Neo as cellular modem?
Michael Shiloh
michael at openmoko.org
Thu May 29 20:16:13 CEST 2008
Joerg Reisenweber wrote:
> Am Do 29. Mai 2008 schrieb Michael Shiloh:
>> Alexey Feldgendler wrote:
>>> On Thu, 29 May 2008 08:59:10 +0200, Andy Green <andy at openmoko.com> wrote:
>>>
>>>> We're helpless unless Atheros decided to implement Master mode in their
>>>> closed firmware. Unfortunately the power advantages of having the bulk
>>>> of the ieee80211 actions managed in the firmware are pretty compelling
>>>> so I don't know how we get out of that bind.

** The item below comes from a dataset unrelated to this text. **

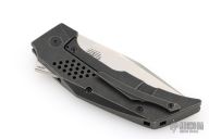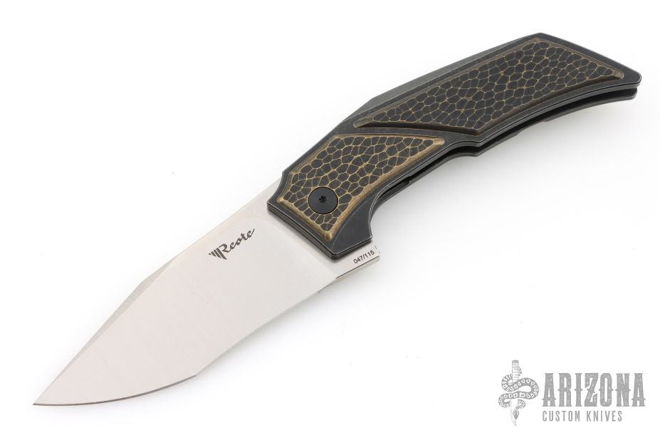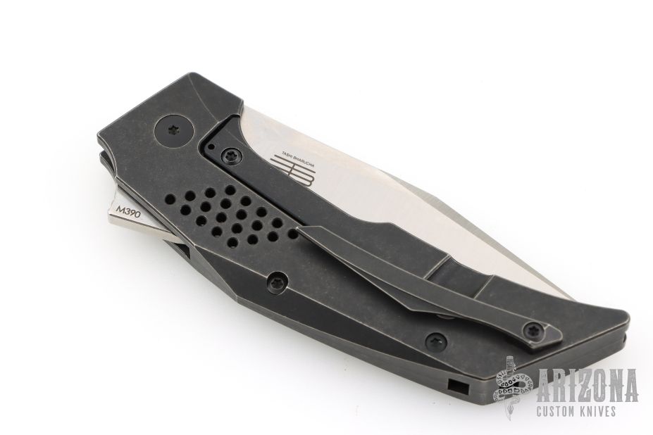 Experience Reate quality in a scaled down EDC friendly size with the Tashi Bharucha designed T3500. This T3500 model showcases a bead blasted titanium handle with textured brass overlays and a satin finished recurve blade. Ceramic bearings facilitate smooth and fast deployment of the highly effective blade. This sturdy T3500 folding knife offers distinctive Bharucha style and a pocket friendly design. Features: Low-profile blade flipper offers comfortable pocket carry and rapid one-hand deployment. Bohler M390 steel offers high corrosion and wear resistance. Titanium pocket clip for convenient tip-up carry. Titanium hardware. Includes original box, papers and padded zippered case. #047/115. Excellent condition.

>>> The very knowledge that we can't do something that the hardware would
>>> technically be capable of is annoying,
>> Strongly agree. In some cases this was a result of the agreement we were
>> able to reach with the chip manufacturer in order to open source the
>> driver. We don't view this as a perfect solution, but rather a good
>> start. Hopefully in the future the success of Openmoko will encourage
>> chip manufacturers to become more open.
>>
>>
>>> but I don't really see why we would need to implement a true AP in the
> phone.
>> Strongly disagree. Innovation is stifled whenever choices are limited
>> simply because we can't think of why someone would want to make that
>> choice. We should always strive to make such choices available.
>>
>>
>>
>>
>> For any reasonable use
>>> case I can think of, ad-hoc mode should be enough. The only usability
>>> advantage of being an AP would be that it can send beacon packets that
>>> allow other devices to detect an available network, but sending beacon
>>> would be a battery drain anyway.
>> Assuming the use case made sense, the Freerunner could be powered
>> externally.
>>
>> Michael
>
> Not if you don't find a "3 word slogan" to sell this feature to your granny.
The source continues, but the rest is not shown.